JOSÉ EDUARDO NASCIMENTO

O constrangimento explicitado no discurso que o ministro Beni Veras, do Planejamento, proferiu em cadeia nacional no último dia 6 merece sérias reflexões.
Referia-se o ministro, em sua exposição, ao crescimento da taxa de mortalidade infantil nas áreas mais pobres do Nordeste, conforme dados de responsabilidade da Pastoral da Criança que apontam um aumento de 30% dessa taxa, nas referidas áreas, no primeiro trimestre de 94 em relação a igual período do ano passado.
E deve ser acrescentado que se a taxa é assustadora, piores são os números absolutos dos quais ela foi extraída: 174 óbitos por 1.000 crianças com menos de um ano de idade.
Entre as reflexões que o constrangimento/denúncia do ministro estimula cabe breve avaliação do que tem sido feito e sobretudo do que precisa ser feito para que se possa atacar, com eficiência, uma das causas centrais da mortalidade infantil, bem como do cólera, da dengue e outras calamidades do gênero: o déficit e a crise crescente dos serviços de saneamento básico no Nordeste e nas demais regiões, inclusive no Sudeste.
Primeiro, deve ser dito que o que está sendo feito é praticamente nada, desde que cessaram os benefícios do Planasa (Plano Nacional de Saneamento Básico).
Este plano foi responsável pela aplicação de mais de US$ 10 bilhões em programas de abastecimento de água e tratamento de esgotos, ao longo dos anos 70 e nos primeiros anos da década de 80.
Desde então, de um lado veio decaindo progressivamente a capacidade de financiamento do governo e, de outro, reduzindo-se o montante de recursos recebidos de agências internacionais.
Em consequência, os investimentos no setor não atendem sequer às necessidades do crescimento vegetativo da população.
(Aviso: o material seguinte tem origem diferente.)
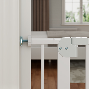 Auto-close: This easy walk through baby gate is equipped with an auto-close function. The door can be automatically closed when opened less than 90°, reducing the potential danger for dogs and babies of forgetting to close the door. The door can swing in two directions.

Em todas as regiões do país.
Até empresas estaduais como a Sabesp, que executou importantes projetos na fase áurea do Planasa, vive hoje sufocada de problemas, operando com uma taxa terceiro-mundista de desperdício, impotente para expandir e modernizar seus serviços e gastando significativamente com o custeio. Imagine-se qual a situação de outras companhias estaduais.
O mais grave nessa reflexão, porém, são as resistências às soluções fundamentais que a crise da política (ou da falta de política) de saneamento exige.
Essas soluções envolvem uma corajosa mudança do padrão de financiamento, através de processo de concessão e terceirização das obras e serviços do setor a investidores e gestores privados, processos esses recomendados pelas próprias agências internacionais, como o Banco Mundial e o BID.
Mesmo mudanças graduais, envolvendo a aprovação de um projeto de lei que abre limitadamente a política nacional de saneamento a novos padrões de financiamento e gerenciamento, encontram-se bloqueadas no Legislativo.
Finalmente –após seis anos de permanência na Câmara– esse projeto (PL 199) seguiu para o Senado, onde no início de 1994 foi discutido na Comissão de Assuntos Sociais, coincidentemente presidida pelo senador Beni Veras, agora ministro do Planejamento.
Cabe, por fim, destacar que o atraso do país na abertura e modernização de sua política de saneamento pode implicar mais um sério prejuízo, já este ano: a exclusão dele de um programa de investimentos para a América Latina, sobretudo em saneamento básico, dimensionado pela Opas (Organização Panamericana de Saúde), em US$ 217 bilhões a partir de 1994 e ao longo de 12 anos.
Concluindo a reflexão, diremos que uma resposta concreta e séria à dramática denúncia do ministro Beni Veras deve ser o encaminhamento, sem mais demora, de mudanças profundas e essenciais na política nacional de saneamento básico.